• [ASSIGNMENT]:
Once you reach the line with "Вернитесь в комнату" in the material below, copy each line exactly up to and including the line with "Minilite 13″ alloy", and skip the pictures.

• [SOURCE INFORMATION]:
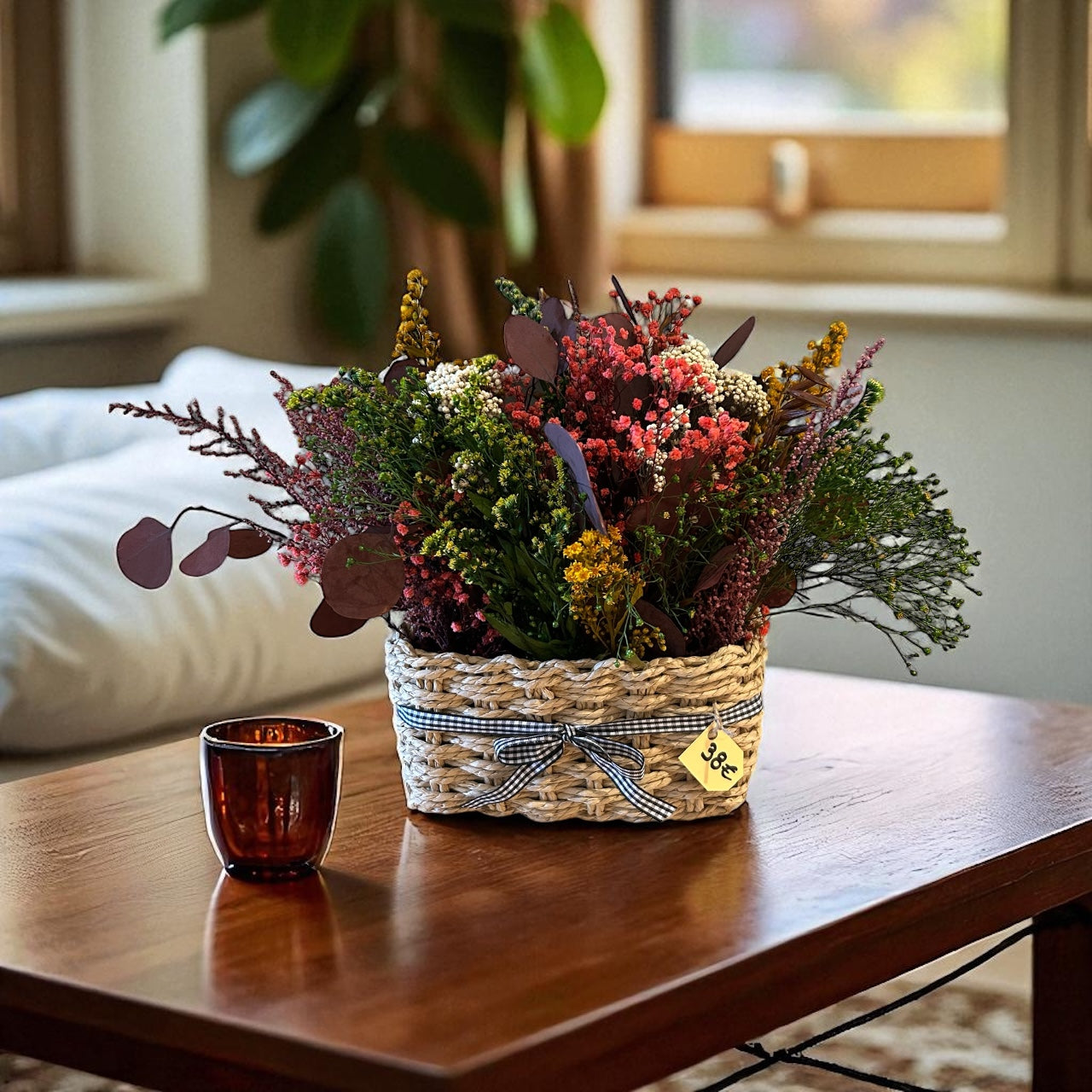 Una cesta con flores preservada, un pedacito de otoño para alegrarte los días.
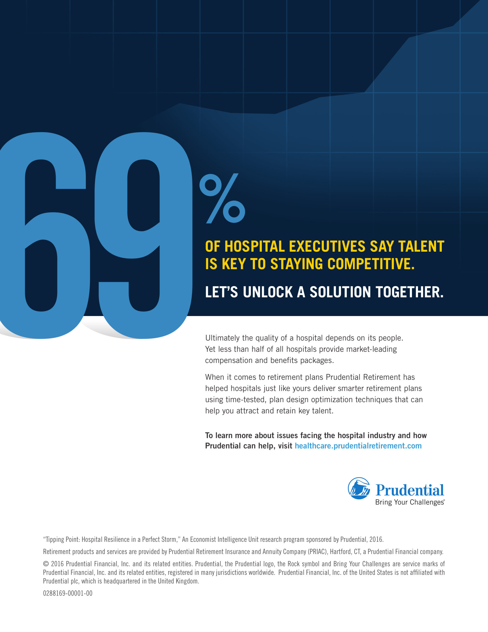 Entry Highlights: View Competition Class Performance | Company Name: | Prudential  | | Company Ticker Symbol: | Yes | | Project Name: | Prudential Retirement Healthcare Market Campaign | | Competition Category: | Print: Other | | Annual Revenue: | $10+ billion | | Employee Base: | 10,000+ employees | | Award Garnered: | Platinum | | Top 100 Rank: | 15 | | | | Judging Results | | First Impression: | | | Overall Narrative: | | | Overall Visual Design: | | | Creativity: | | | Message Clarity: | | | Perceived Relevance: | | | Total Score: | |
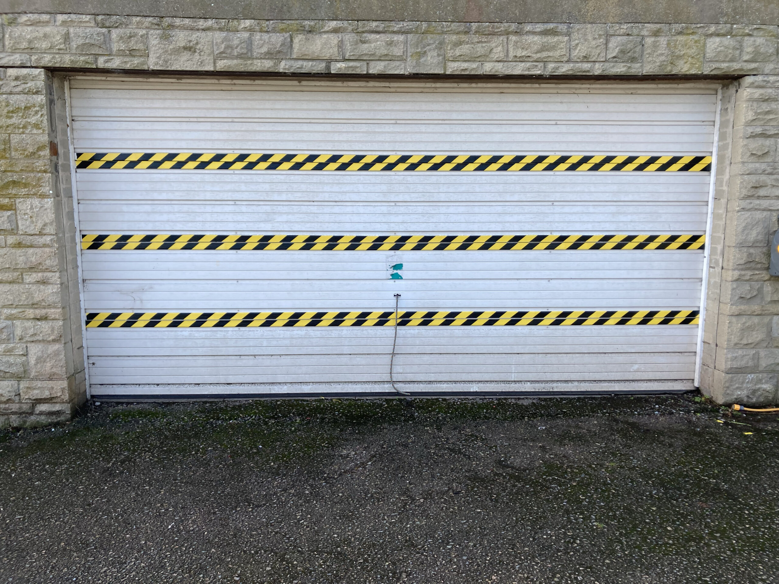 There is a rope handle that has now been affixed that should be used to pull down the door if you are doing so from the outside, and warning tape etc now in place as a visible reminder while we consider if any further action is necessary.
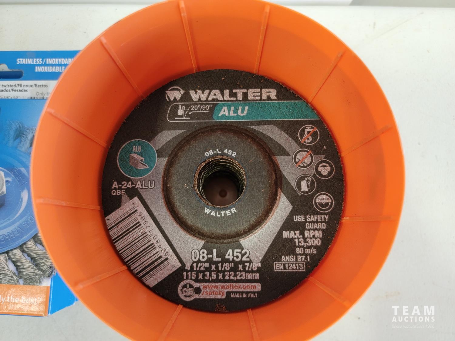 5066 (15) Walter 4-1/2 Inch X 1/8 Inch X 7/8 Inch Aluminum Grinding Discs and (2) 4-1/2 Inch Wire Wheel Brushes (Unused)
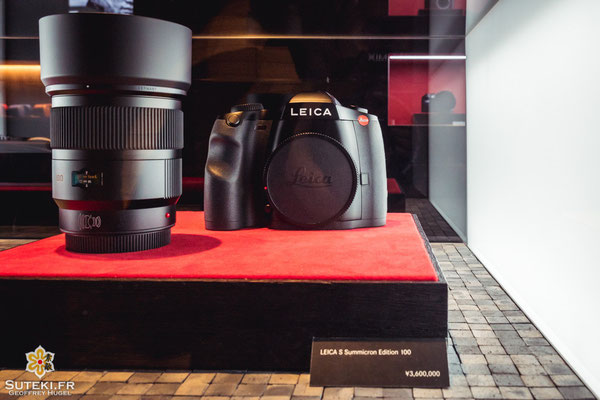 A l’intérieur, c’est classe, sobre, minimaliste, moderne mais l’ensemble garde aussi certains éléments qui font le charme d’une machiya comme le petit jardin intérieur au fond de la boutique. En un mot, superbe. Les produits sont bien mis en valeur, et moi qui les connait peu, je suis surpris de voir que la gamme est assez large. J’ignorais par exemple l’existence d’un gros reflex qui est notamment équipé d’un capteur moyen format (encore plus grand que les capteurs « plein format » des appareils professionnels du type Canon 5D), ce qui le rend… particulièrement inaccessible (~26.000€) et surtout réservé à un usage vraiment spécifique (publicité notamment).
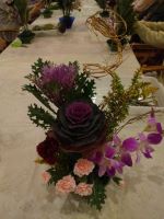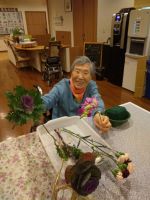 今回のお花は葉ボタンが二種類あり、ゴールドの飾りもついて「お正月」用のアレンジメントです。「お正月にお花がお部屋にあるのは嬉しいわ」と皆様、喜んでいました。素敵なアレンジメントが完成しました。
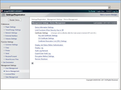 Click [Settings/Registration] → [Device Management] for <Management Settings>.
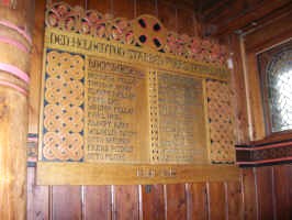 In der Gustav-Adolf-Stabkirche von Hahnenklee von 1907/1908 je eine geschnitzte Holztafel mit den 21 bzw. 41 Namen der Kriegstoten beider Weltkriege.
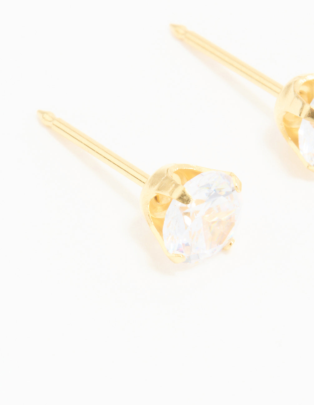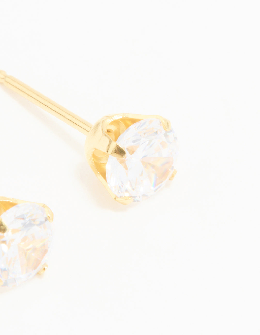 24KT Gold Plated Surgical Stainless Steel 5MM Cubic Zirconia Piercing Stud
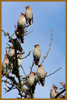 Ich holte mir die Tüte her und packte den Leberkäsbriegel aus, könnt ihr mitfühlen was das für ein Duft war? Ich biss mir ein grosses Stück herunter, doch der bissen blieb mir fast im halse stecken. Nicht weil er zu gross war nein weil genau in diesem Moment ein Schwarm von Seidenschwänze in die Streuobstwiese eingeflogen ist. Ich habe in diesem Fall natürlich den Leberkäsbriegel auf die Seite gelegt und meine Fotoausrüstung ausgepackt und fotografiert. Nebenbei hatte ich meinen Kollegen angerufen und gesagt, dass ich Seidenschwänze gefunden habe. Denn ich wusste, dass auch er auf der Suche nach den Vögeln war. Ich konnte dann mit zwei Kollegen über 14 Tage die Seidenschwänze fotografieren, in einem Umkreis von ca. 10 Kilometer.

--

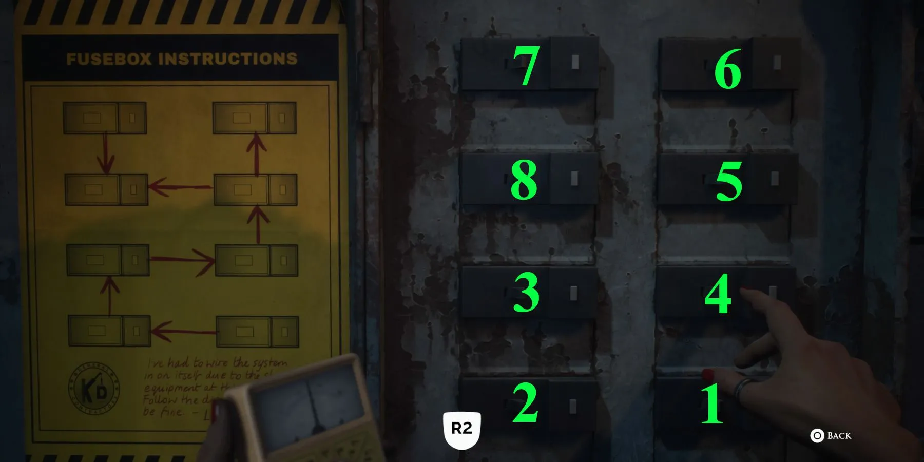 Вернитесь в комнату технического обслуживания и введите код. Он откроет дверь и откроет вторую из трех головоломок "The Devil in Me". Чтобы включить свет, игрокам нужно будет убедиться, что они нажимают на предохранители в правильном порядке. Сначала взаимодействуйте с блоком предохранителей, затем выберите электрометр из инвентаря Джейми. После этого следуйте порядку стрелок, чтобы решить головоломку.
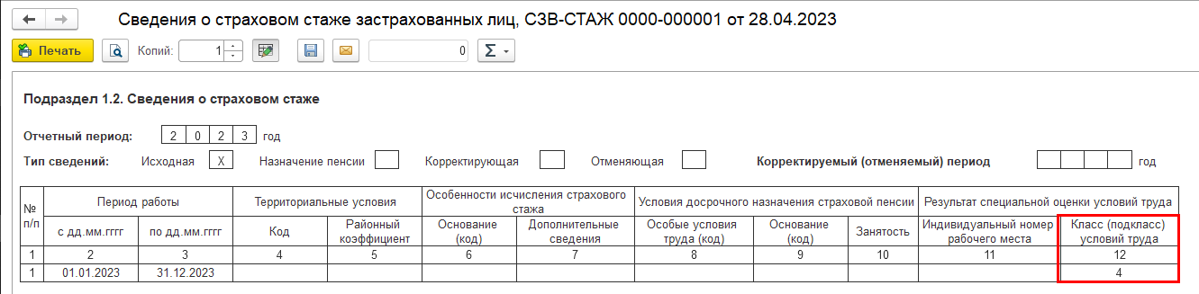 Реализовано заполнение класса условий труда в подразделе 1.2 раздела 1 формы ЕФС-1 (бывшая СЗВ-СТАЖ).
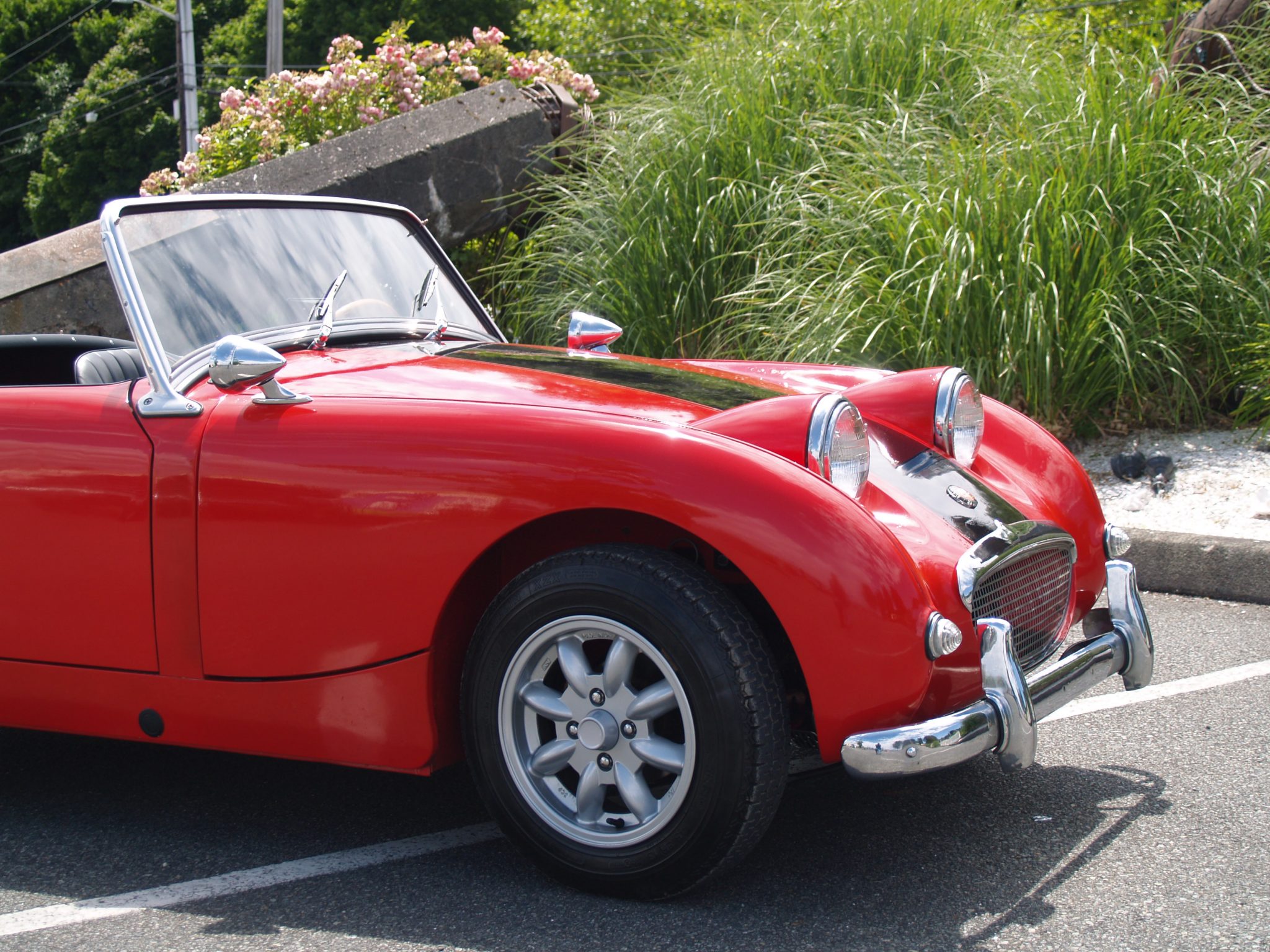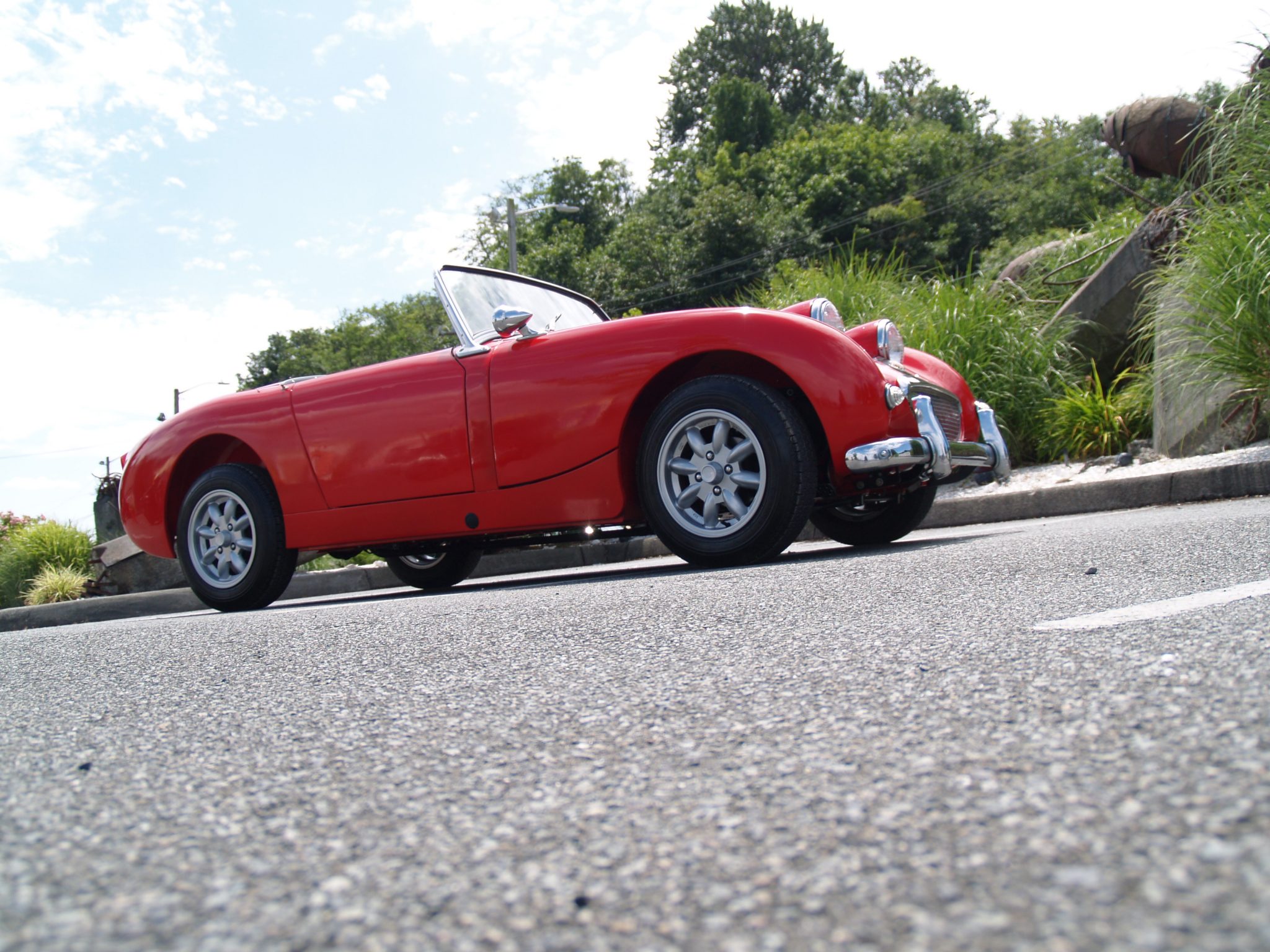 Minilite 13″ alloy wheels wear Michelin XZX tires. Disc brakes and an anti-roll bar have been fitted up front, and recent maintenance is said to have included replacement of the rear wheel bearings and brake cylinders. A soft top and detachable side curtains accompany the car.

• [RESULT FOR THIS TASK]:
 Вернитесь в комнату технического обслуживания и введите код. Он откроет дверь и откроет вторую из трех головоломок "The Devil in Me". Чтобы включить свет, игрокам нужно будет убедиться, что они нажимают на предохранители в правильном порядке. Сначала взаимодействуйте с блоком предохранителей, затем выберите электрометр из инвентаря Джейми. После этого следуйте порядку стрелок, чтобы решить головоломку.
 Реализовано заполнение класса условий труда в подразделе 1.2 раздела 1 формы ЕФС-1 (бывшая СЗВ-СТАЖ).
 Minilite 13″ alloy wheels wear Michelin XZX tires. Disc brakes and an anti-roll bar have been fitted up front, and recent maintenance is said to have included replacement of the rear wheel bearings and brake cylinders. A soft top and detachable side curtains accompany the car.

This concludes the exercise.